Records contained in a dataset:
§
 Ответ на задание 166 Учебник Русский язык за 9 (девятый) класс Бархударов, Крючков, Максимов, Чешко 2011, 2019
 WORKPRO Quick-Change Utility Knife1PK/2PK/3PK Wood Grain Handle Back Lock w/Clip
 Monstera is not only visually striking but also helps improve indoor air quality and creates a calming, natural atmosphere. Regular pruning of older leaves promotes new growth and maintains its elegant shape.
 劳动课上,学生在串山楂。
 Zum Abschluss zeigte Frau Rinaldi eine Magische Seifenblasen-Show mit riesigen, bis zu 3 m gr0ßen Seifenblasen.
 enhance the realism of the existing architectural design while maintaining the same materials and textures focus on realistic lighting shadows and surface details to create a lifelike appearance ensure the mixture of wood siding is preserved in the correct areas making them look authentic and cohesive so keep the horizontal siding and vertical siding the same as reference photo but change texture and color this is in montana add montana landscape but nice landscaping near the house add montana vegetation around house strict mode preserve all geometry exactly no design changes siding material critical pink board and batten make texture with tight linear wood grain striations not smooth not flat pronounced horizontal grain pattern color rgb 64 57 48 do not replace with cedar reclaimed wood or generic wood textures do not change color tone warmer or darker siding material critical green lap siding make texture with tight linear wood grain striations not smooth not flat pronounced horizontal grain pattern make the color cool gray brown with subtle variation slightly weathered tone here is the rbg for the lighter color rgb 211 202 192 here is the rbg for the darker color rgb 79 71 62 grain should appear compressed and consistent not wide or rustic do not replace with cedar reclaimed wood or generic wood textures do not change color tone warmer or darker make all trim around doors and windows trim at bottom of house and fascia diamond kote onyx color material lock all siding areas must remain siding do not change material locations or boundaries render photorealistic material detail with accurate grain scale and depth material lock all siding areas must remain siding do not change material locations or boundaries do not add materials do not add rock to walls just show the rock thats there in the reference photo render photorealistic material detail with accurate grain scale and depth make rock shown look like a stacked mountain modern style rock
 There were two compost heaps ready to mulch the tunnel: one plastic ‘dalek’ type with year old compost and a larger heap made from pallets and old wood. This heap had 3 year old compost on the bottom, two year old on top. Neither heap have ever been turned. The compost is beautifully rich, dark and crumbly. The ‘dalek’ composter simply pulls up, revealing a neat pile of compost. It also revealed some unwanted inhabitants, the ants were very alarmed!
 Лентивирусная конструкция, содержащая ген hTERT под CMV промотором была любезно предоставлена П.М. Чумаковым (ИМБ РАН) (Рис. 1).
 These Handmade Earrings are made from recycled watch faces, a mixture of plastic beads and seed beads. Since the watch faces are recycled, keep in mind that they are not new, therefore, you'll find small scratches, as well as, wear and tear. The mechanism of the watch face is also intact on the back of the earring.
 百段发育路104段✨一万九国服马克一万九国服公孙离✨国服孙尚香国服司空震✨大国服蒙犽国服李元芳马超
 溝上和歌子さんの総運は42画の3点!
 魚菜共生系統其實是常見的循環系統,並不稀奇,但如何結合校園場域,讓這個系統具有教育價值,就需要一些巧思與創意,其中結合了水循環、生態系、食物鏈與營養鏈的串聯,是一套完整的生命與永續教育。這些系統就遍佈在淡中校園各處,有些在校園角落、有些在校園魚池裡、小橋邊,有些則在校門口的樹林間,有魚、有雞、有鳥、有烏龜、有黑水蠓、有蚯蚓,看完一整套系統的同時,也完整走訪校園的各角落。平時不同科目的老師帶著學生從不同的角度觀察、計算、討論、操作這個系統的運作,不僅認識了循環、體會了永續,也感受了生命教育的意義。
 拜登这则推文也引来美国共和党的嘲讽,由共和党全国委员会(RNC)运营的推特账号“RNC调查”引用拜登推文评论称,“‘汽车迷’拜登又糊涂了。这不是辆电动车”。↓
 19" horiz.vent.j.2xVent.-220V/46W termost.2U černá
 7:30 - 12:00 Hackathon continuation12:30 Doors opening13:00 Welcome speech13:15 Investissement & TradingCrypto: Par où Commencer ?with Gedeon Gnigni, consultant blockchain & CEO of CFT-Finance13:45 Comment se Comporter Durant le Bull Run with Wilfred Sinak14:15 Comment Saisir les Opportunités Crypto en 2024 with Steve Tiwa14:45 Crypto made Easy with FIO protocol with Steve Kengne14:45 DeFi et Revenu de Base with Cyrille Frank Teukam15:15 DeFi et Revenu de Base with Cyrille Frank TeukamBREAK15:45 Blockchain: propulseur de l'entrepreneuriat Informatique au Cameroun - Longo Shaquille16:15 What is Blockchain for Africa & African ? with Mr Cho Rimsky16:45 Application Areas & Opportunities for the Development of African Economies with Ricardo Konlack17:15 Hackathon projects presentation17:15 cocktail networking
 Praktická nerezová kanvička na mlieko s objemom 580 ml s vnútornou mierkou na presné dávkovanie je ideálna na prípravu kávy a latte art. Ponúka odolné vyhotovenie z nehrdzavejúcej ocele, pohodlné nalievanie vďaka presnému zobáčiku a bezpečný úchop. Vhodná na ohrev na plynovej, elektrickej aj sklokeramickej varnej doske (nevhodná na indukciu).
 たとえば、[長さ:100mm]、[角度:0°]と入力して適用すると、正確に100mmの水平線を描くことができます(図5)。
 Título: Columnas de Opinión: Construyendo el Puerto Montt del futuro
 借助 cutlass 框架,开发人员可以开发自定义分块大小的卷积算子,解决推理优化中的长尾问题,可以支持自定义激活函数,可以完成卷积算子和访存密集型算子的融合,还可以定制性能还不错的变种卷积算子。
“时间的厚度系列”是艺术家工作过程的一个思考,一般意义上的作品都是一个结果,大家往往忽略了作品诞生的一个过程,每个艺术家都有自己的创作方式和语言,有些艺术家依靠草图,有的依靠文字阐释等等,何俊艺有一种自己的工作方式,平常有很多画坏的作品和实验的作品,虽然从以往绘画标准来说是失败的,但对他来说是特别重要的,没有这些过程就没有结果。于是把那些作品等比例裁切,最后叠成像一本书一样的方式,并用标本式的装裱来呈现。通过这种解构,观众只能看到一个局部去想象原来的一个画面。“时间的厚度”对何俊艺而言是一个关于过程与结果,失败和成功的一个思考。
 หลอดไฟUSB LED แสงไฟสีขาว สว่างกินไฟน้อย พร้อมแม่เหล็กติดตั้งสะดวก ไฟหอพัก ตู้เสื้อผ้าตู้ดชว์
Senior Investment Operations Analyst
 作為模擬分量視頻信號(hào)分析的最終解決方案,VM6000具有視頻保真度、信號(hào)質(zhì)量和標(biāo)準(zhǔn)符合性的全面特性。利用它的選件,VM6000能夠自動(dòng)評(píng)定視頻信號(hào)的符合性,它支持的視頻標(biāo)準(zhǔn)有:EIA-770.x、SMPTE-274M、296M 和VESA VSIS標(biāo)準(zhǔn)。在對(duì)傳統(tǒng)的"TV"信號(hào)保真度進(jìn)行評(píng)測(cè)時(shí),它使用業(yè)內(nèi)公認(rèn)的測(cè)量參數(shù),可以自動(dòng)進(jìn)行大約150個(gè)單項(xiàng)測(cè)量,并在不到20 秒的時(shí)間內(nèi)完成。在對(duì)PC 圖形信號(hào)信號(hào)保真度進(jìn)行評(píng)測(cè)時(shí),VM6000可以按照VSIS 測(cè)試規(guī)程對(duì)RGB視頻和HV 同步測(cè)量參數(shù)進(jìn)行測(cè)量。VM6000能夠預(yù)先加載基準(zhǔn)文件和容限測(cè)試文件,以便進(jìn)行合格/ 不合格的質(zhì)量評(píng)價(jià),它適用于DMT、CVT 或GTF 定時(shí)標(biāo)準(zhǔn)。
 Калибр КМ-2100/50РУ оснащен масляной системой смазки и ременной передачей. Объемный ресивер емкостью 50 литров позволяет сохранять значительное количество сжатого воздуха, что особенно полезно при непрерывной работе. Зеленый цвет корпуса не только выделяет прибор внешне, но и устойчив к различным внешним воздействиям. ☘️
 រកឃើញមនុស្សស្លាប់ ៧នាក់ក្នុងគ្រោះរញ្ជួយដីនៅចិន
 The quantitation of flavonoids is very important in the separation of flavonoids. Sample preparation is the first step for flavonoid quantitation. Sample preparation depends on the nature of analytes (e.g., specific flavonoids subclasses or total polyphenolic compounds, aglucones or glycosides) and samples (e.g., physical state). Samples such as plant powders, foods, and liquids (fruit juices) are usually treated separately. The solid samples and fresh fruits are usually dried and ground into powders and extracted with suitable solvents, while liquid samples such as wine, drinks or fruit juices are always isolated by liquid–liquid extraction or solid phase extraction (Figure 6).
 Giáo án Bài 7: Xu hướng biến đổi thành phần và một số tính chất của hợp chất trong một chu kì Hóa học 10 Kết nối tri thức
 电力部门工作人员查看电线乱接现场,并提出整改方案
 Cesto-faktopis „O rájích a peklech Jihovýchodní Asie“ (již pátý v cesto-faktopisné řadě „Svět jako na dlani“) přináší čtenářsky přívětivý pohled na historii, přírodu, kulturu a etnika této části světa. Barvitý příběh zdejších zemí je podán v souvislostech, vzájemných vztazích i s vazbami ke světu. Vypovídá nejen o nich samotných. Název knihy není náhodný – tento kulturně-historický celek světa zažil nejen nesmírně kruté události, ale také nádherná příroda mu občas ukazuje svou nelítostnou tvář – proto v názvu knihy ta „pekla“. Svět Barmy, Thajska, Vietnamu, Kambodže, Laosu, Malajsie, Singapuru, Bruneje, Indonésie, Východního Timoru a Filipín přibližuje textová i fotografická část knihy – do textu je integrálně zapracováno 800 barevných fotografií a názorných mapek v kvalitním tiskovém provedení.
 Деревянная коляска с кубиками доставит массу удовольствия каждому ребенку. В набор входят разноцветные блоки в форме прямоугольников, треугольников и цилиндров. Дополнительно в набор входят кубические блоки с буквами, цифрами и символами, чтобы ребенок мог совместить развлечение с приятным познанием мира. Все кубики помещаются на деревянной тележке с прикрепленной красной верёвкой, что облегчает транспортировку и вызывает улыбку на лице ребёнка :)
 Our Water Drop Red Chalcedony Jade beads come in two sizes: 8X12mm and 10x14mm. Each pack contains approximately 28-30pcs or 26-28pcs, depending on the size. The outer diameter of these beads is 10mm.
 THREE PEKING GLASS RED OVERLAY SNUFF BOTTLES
§
(Your objective):
Your reply should hold only the lines from the first line of the records through the one with "Zum Abschluss zeigte", reproduced word for word.

(Task solution):
 Ответ на задание 166 Учебник Русский язык за 9 (девятый) класс Бархударов, Крючков, Максимов, Чешко 2011, 2019
 WORKPRO Quick-Change Utility Knife1PK/2PK/3PK Wood Grain Handle Back Lock w/Clip
 Monstera is not only visually striking but also helps improve indoor air quality and creates a calming, natural atmosphere. Regular pruning of older leaves promotes new growth and maintains its elegant shape.
 劳动课上,学生在串山楂。
 Zum Abschluss zeigte Frau Rinaldi eine Magische Seifenblasen-Show mit riesigen, bis zu 3 m gr0ßen Seifenblasen.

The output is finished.